▶ [DATA SECTION]:
⟨

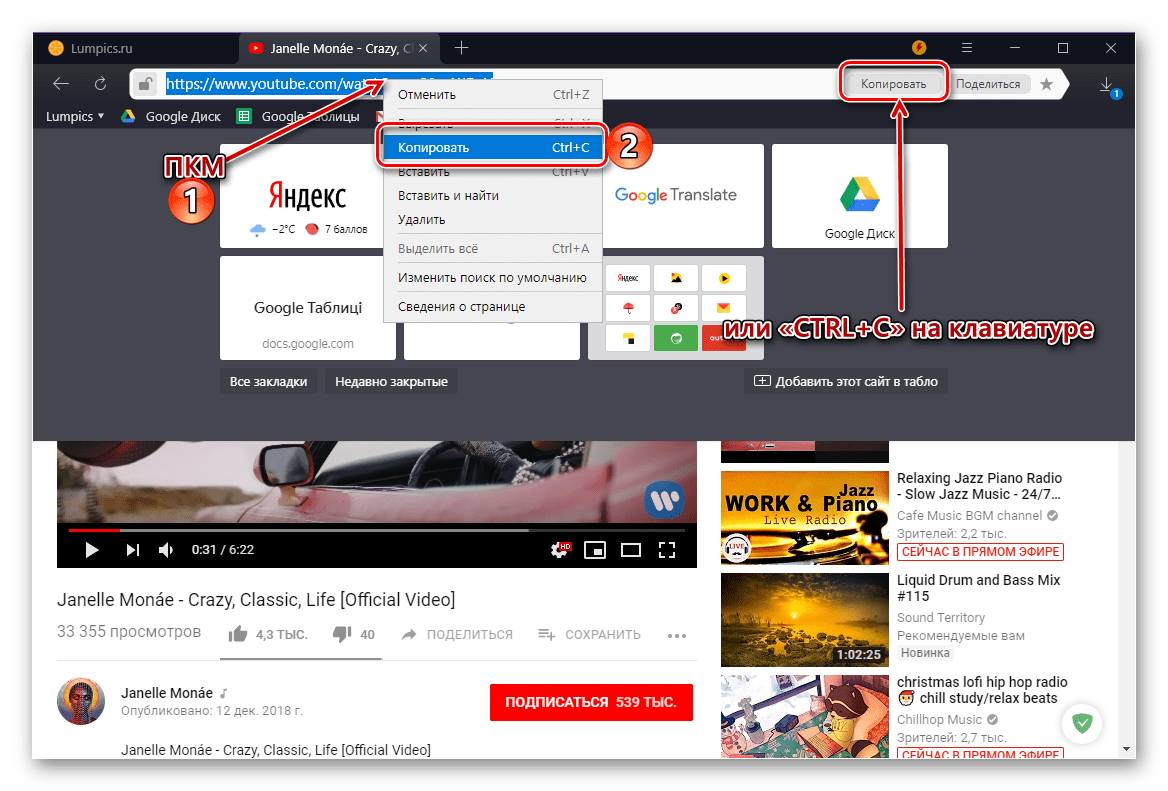 Независимо от того, какой веб-браузер используется для доступа к Интернету в целом и к официальному сайту YouTube в частности, вы можете получить ссылку на интересующее видео тремя разными способами. Главное — выйти из полноэкранного режима, прежде чем продолжить действия, описанные ниже.
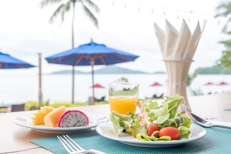 ヴィジットリゾートの朝食(フルーツとサラダとオレンジジュース)
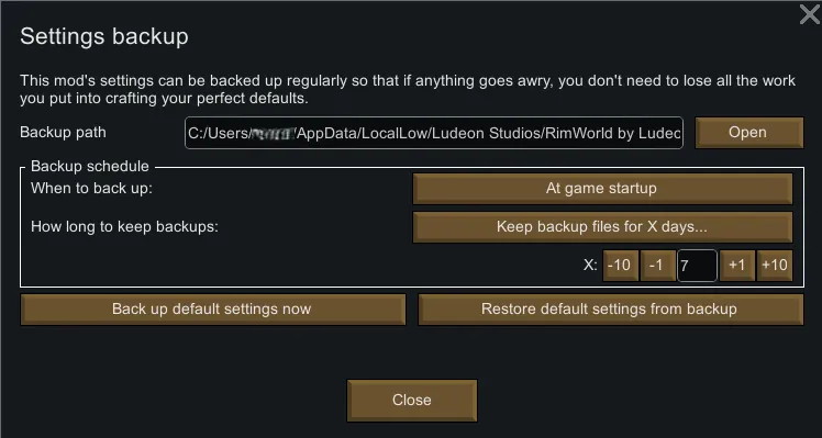 This mod's config file (your settings for this mod) gets pretty big and complex and it would kinda suck if something happened and you had to reconfigure everything from scratch. So now you can back up this mod's settings through the mod settings window (in General settings). Automatic periodic backups are enabled by default.
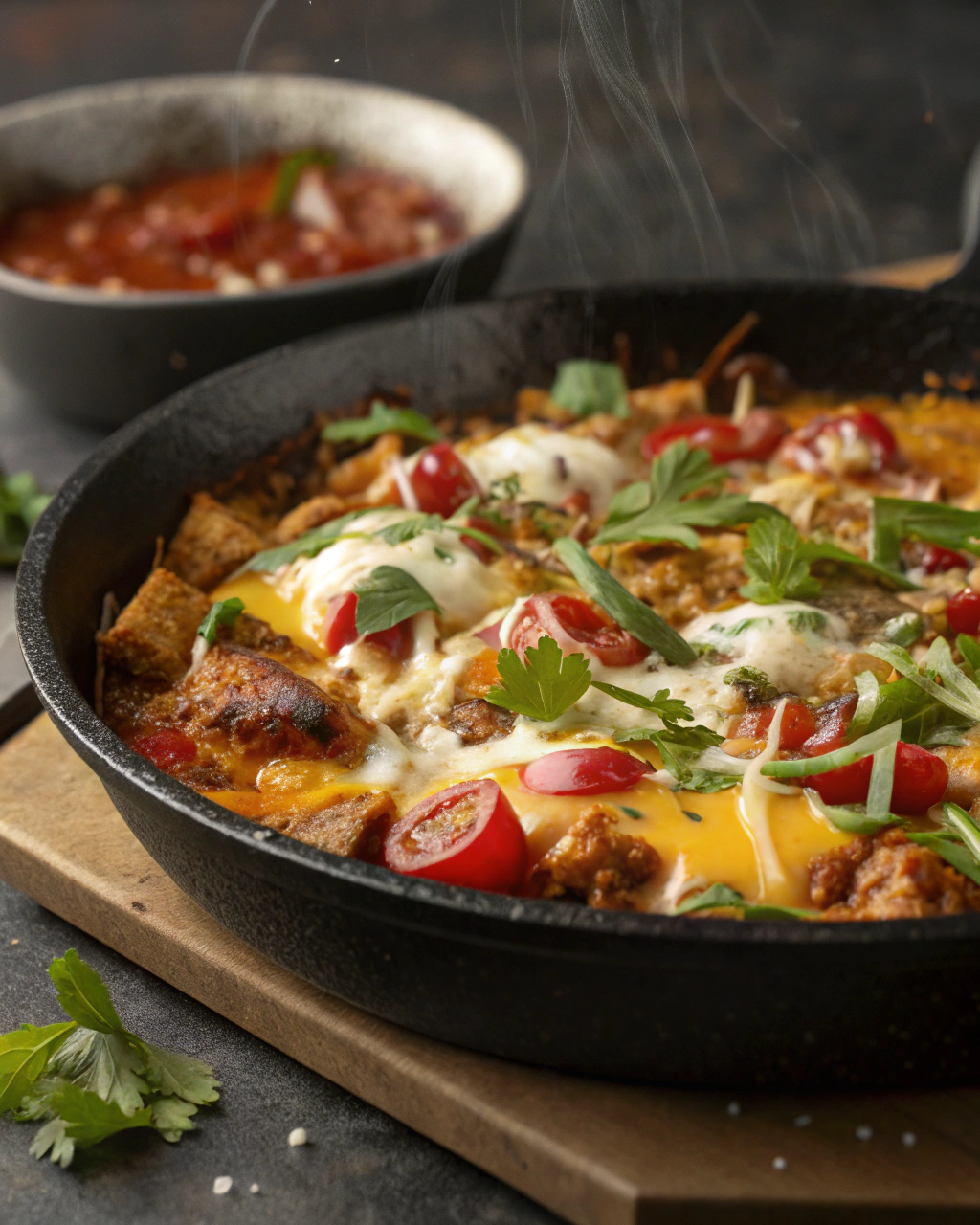 Servez cette tarte légèrement tiède, posée sur une assiette claire qui laisse respirer les couleurs mordorées et les éclats rouges des tomates. Un simple filet d’huile d’olive fraîche au moment de dresser et quelques feuilles de basilic juste cueillies suffisent pour sublimer l’ensemble. Elle accompagne joliment une salade verte croquante ou quelques légumes rôtis, et invite à une pause gourmande, calme et sincère autour d’une table ensoleillée.

⟩

▶ [DIRECTIONS]: Your copy should hold all the data word for word. It should hold no pictures.

▶ [ANSWER TO THIS TASK]:
 Независимо от того, какой веб-браузер используется для доступа к Интернету в целом и к официальному сайту YouTube в частности, вы можете получить ссылку на интересующее видео тремя разными способами. Главное — выйти из полноэкранного режима, прежде чем продолжить действия, описанные ниже.
 ヴィジットリゾートの朝食(フルーツとサラダとオレンジジュース)
 This mod's config file (your settings for this mod) gets pretty big and complex and it would kinda suck if something happened and you had to reconfigure everything from scratch. So now you can back up this mod's settings through the mod settings window (in General settings). Automatic periodic backups are enabled by default.
 Servez cette tarte légèrement tiède, posée sur une assiette claire qui laisse respirer les couleurs mordorées et les éclats rouges des tomates. Un simple filet d’huile d’olive fraîche au moment de dresser et quelques feuilles de basilic juste cueillies suffisent pour sublimer l’ensemble. Elle accompagne joliment une salade verte croquante ou quelques légumes rôtis, et invite à une pause gourmande, calme et sincère autour d’une table ensoleillée.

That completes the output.